** What the exercise asks **
Within the lines below, the span from the line with "Flowers are good" to the line with "저는 보통 온라인조사/모바일조사에 참여하며", both ends included, is to be reproduced exactly, with pictures omitted.

** The input **
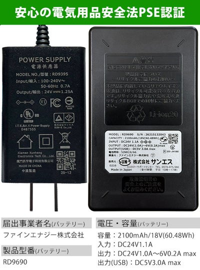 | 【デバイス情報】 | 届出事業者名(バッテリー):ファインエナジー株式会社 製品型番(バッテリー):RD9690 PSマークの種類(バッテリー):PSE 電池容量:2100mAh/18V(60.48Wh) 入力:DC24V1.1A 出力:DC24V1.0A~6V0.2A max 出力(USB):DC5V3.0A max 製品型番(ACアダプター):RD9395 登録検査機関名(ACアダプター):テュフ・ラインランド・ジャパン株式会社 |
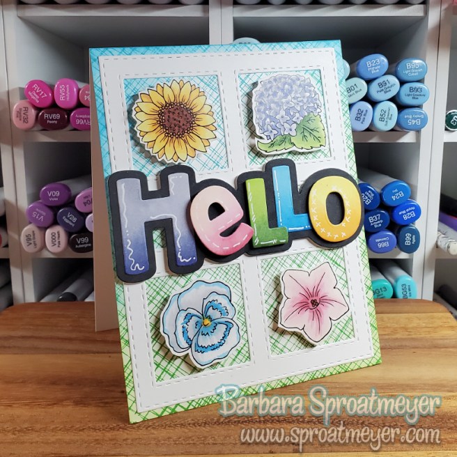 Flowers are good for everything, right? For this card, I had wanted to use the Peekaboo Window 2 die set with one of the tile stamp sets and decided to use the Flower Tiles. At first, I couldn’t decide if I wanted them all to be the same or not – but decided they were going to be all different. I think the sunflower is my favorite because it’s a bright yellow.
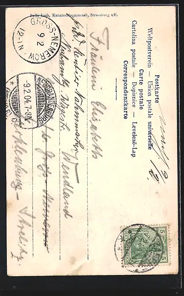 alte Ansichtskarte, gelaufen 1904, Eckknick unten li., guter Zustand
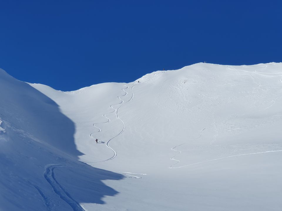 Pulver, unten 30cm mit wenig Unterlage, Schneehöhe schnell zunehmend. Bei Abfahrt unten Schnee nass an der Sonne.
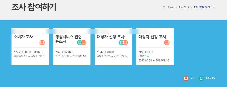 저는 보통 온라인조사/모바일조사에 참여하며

...

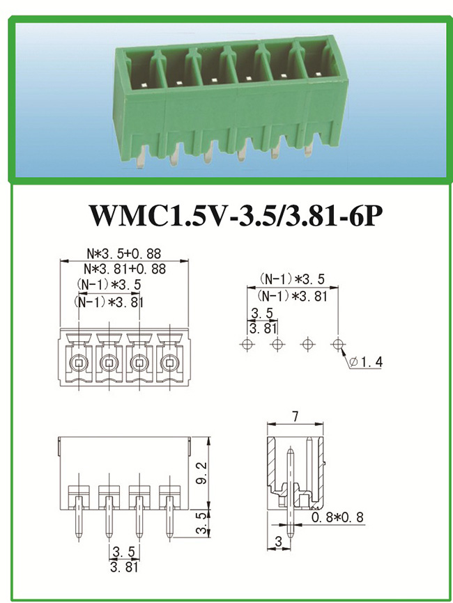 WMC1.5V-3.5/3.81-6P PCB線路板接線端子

==

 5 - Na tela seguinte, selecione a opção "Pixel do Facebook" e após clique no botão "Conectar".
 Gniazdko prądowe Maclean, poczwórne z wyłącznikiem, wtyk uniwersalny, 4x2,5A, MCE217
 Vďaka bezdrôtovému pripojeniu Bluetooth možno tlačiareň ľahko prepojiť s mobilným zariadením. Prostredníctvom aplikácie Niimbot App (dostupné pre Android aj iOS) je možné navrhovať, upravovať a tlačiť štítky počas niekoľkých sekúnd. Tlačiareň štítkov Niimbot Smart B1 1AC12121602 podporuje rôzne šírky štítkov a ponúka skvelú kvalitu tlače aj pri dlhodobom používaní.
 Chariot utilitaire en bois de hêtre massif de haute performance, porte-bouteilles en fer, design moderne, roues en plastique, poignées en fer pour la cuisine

** Your response **
 Flowers are good for everything, right? For this card, I had wanted to use the Peekaboo Window 2 die set with one of the tile stamp sets and decided to use the Flower Tiles. At first, I couldn’t decide if I wanted them all to be the same or not – but decided they were going to be all different. I think the sunflower is my favorite because it’s a bright yellow.
 alte Ansichtskarte, gelaufen 1904, Eckknick unten li., guter Zustand
 Pulver, unten 30cm mit wenig Unterlage, Schneehöhe schnell zunehmend. Bei Abfahrt unten Schnee nass an der Sonne.
 저는 보통 온라인조사/모바일조사에 참여하며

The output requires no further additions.